Agora os skinners tencionavam se proteger dentro de um veículo blindado.
Ziggy lançou o braço para trás, tomou impulso e arremessou o cutelo longe, no alvo certo que era o meio do crânio do líder do bando. A lâmina lhe cravou na cabeça, mas ele continuou correndo, trocando as pernas, trôpego até se tornar vacilante. Virou-se para trás, o sangue escorria da testa, uma tira grossa e vermelha, os olhos fundos, arregalados, a boca branca. O cérebro enfim assimilou o ocorrido e mandou as pernas falharem, os joelhos dobrarem, a cabeça com o cutelo bater contra o solo.
Sentiu a força da colisão nas costas e se voltou para entender o motivo. Um skinner pulou sobre o seu corpo para derrubá-lo, no entanto, acabou empurrando-o e, perdendo o equilíbrio, caiu diante do escoltador. Deitado de costas no chão, o traficante olhava-o aterrorizado. Os olhos vermelhos de Ziggy capturaram o nível de ansiedade e tensão do humano, que suava, tremia, balbuciava frases sem sentido. Até que ele entendeu que aquele verme era apenas uma distração.

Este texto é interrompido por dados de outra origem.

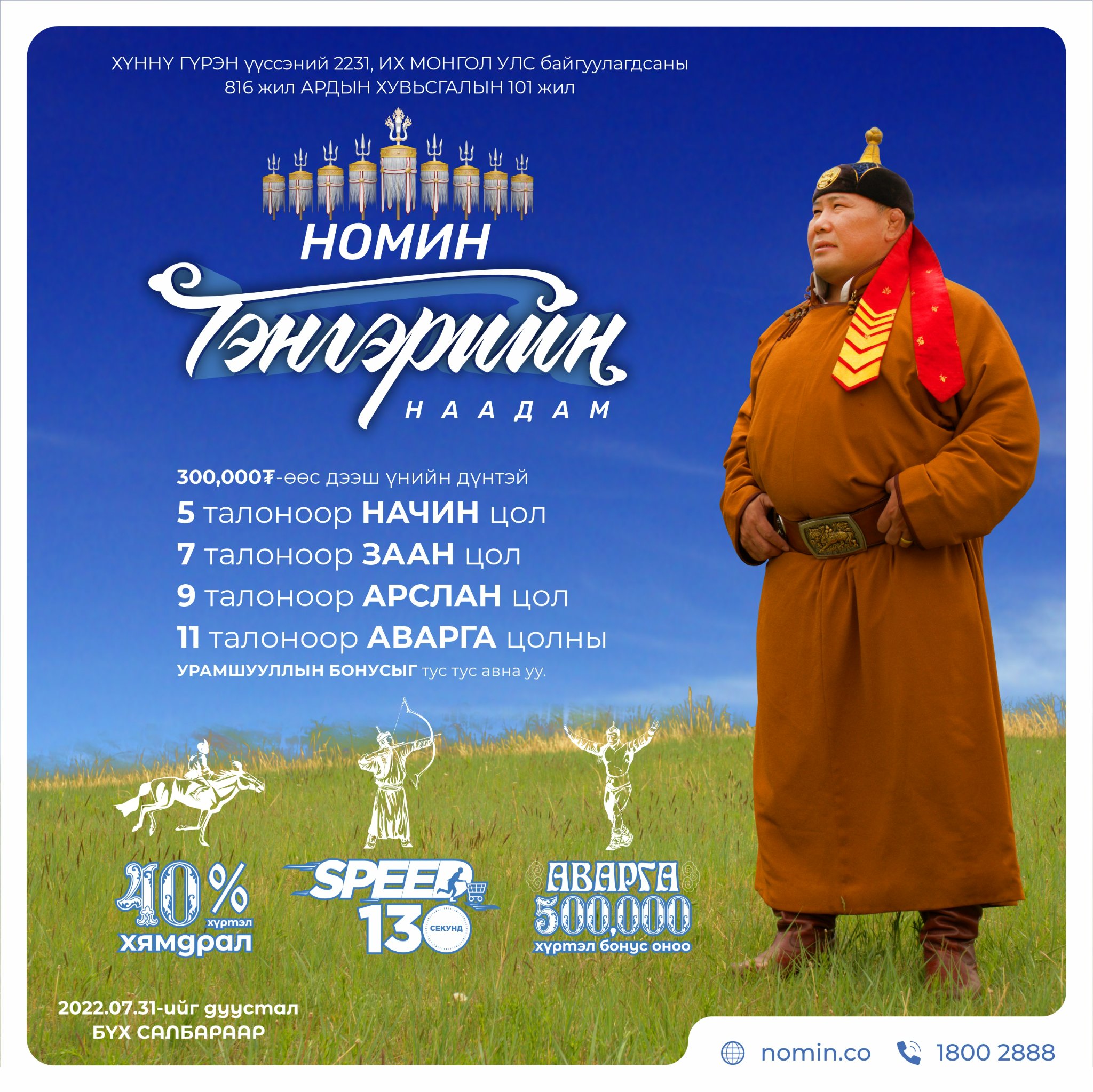 НОМИН-д 40% хүртэл ХЯМДРАЛТАЙ, 5 төрлийн КУПОНТОЙ, "SPEED130" урамшууллын эрхтэй, хэрэглэгч бүртээ дөрвөн хүчтэний бэлэг амлаж, 500,000 төгрөг хүртэлх бонус оноогоор АВАРГА цолоо байлах НААДМЫН НЭГДСЭН УРАМШУУЛАЛТ ХӨТӨЛБӨР эхэллээ.

— Vai me matar, subtenente?
A voz gutural não o abalou.
— É claro que sim.
Antes que pudesse concretizar a intenção, um dos motoqueiros imitou a sua manobra, atirando-se com a moto sobre ele, derrubando-o no chão. Por um instante, ficou atordoado e também surpreso com a ousadia do esfolador. Mas não precisou de muito tempo para limpar a poeira do jeans e se erguer de pé, disposto a matar aqueles abutres.
Com sua visão periférica, viu Jenko pular para fora da picape e lutar corpo a corpo com cinco humanos, desferindo-lhe socos e esquivando-se com facilidade dos golpes deles. Era uma briga desigual, assim como quando os esfoladores capturavam mulheres para lhes retirar a pele depois de as estuprarem, uma luta terrivelmente desigual.
Fez como o parceiro, dispensou o armamento e começou a descer o sarrafo no braço. Quebrou dois pescoços sem precisar se mover do lugar, os camaradas se jogavam para cima dele, três, quatro, tentando derrubá-lo, mas tudo que faziam era sujar de terra e sangue a sua jaqueta de couro preferida. E isso o irritava sobremaneira.
Jenko berrou algo como, “acabou, game over!”.
Virou-se para ele e viu a fisionomia jovial sorrindo, demonstrando muita paz no seu coração artificial.
— Vamos queimar tudo. — Ziggy determinou e, apontando para os cadáveres, completou: — Não dá para deixar essas coisas apodrecendo ao ar livre. Vou fazer uma pilha e tacar fogo.
Jenko arrancou a camiseta de um dos skinners morto e a enrolou num pedaço de madeira. Foi até a fogueira recém acesa e pôs fogo na roupa, em seguida, incendiou as tendas do acampamento.
Feito o serviço, os escoltadores voltaram aos seus veículos, mas não partiram em seguida. Era um bom momento aquele, apreciar o trabalho realizado, a sensação do dever cumprido quase lhes enchia os olhos de lágrimas. Quase. Mas eles preferiam rir, rir muito, gargalhar e beber do gargalo a tequila fabricada no boteco do Touro Louco.
Foi Jenko o primeiro a falar após o incrível momento de êxtase:
— Cara, tô muito a fim de trepar.
Viu-o seguir para a picape, ajeitando o Stetson escuro que lhe caía na testa.
Bem, para onde ele iria? Ver Montoya de chamego com Kaila, parecendo um pateta atirado no sofá, abraçado na namoradinha como se ela lhe fosse a boia de salvação no oceano profundo da amargura? Era o c*****o que ele voltaria para a fazenda tão cedo da noite!
— Ei, cuzão, vou dar uma esfolada na mulherada também. — gritou para Jenko, montando na Suzuki.